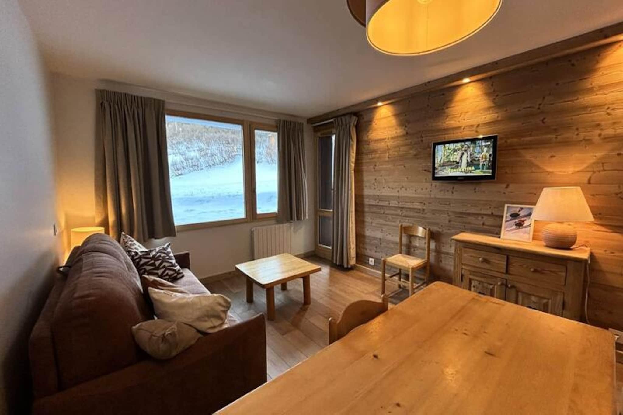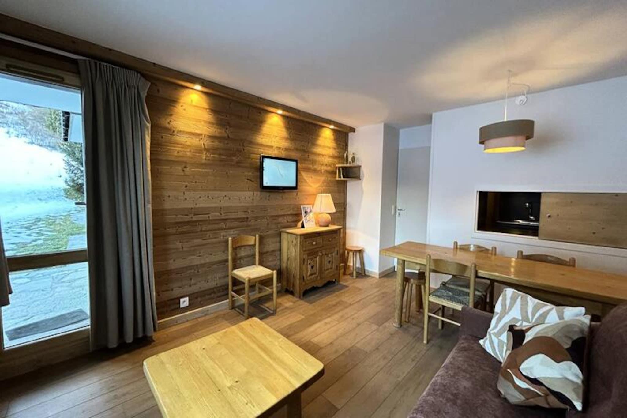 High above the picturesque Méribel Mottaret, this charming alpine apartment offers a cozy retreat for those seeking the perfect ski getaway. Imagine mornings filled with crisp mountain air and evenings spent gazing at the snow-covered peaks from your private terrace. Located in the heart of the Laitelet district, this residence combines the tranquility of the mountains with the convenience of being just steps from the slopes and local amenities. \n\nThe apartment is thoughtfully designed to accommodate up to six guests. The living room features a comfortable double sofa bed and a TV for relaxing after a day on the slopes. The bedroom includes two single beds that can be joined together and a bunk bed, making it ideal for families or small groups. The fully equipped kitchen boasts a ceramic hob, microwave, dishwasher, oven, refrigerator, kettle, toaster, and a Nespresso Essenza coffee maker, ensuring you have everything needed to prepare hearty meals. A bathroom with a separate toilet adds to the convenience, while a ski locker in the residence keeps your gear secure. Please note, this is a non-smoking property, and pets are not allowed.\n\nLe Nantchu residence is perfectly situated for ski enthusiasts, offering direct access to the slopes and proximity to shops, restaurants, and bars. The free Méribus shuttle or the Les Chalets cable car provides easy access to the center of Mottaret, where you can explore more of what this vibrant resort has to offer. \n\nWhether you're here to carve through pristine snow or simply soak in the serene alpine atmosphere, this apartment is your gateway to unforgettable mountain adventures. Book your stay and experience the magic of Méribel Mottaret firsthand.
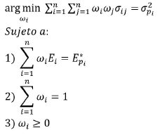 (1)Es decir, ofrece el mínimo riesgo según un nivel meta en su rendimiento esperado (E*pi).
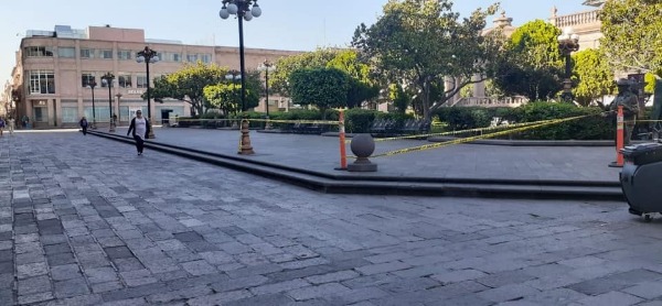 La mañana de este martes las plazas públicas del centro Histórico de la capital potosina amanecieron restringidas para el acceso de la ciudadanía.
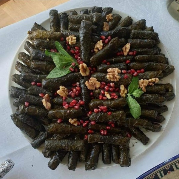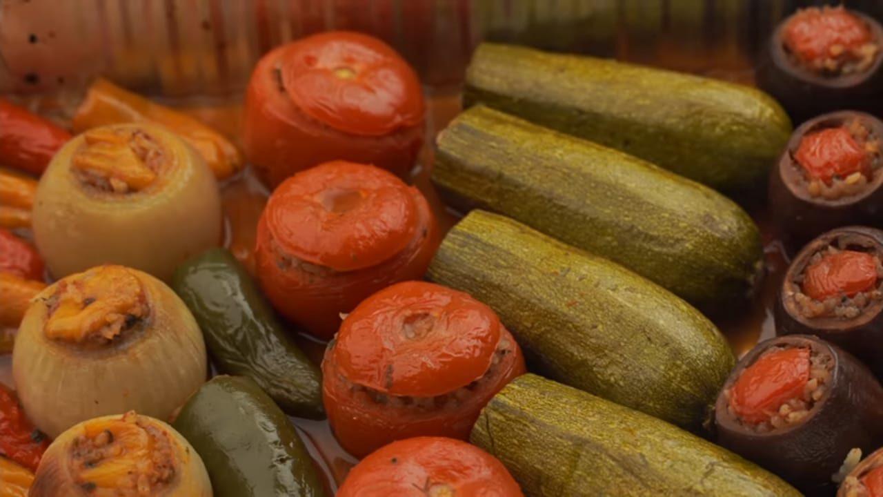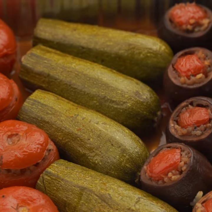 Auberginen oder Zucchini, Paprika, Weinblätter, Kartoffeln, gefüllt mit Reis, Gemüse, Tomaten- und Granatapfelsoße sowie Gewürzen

WHAT IS REQUIRED
Copy out every line of the data exactly, leaving the images behind.

SOLUTION
 High above the picturesque Méribel Mottaret, this charming alpine apartment offers a cozy retreat for those seeking the perfect ski getaway. Imagine mornings filled with crisp mountain air and evenings spent gazing at the snow-covered peaks from your private terrace. Located in the heart of the Laitelet district, this residence combines the tranquility of the mountains with the convenience of being just steps from the slopes and local amenities. \n\nThe apartment is thoughtfully designed to accommodate up to six guests. The living room features a comfortable double sofa bed and a TV for relaxing after a day on the slopes. The bedroom includes two single beds that can be joined together and a bunk bed, making it ideal for families or small groups. The fully equipped kitchen boasts a ceramic hob, microwave, dishwasher, oven, refrigerator, kettle, toaster, and a Nespresso Essenza coffee maker, ensuring you have everything needed to prepare hearty meals. A bathroom with a separate toilet adds to the convenience, while a ski locker in the residence keeps your gear secure. Please note, this is a non-smoking property, and pets are not allowed.\n\nLe Nantchu residence is perfectly situated for ski enthusiasts, offering direct access to the slopes and proximity to shops, restaurants, and bars. The free Méribus shuttle or the Les Chalets cable car provides easy access to the center of Mottaret, where you can explore more of what this vibrant resort has to offer. \n\nWhether you're here to carve through pristine snow or simply soak in the serene alpine atmosphere, this apartment is your gateway to unforgettable mountain adventures. Book your stay and experience the magic of Méribel Mottaret firsthand.
 (1)Es decir, ofrece el mínimo riesgo según un nivel meta en su rendimiento esperado (E*pi).
 La mañana de este martes las plazas públicas del centro Histórico de la capital potosina amanecieron restringidas para el acceso de la ciudadanía.
 Auberginen oder Zucchini, Paprika, Weinblätter, Kartoffeln, gefüllt mit Reis, Gemüse, Tomaten- und Granatapfelsoße sowie Gewürzen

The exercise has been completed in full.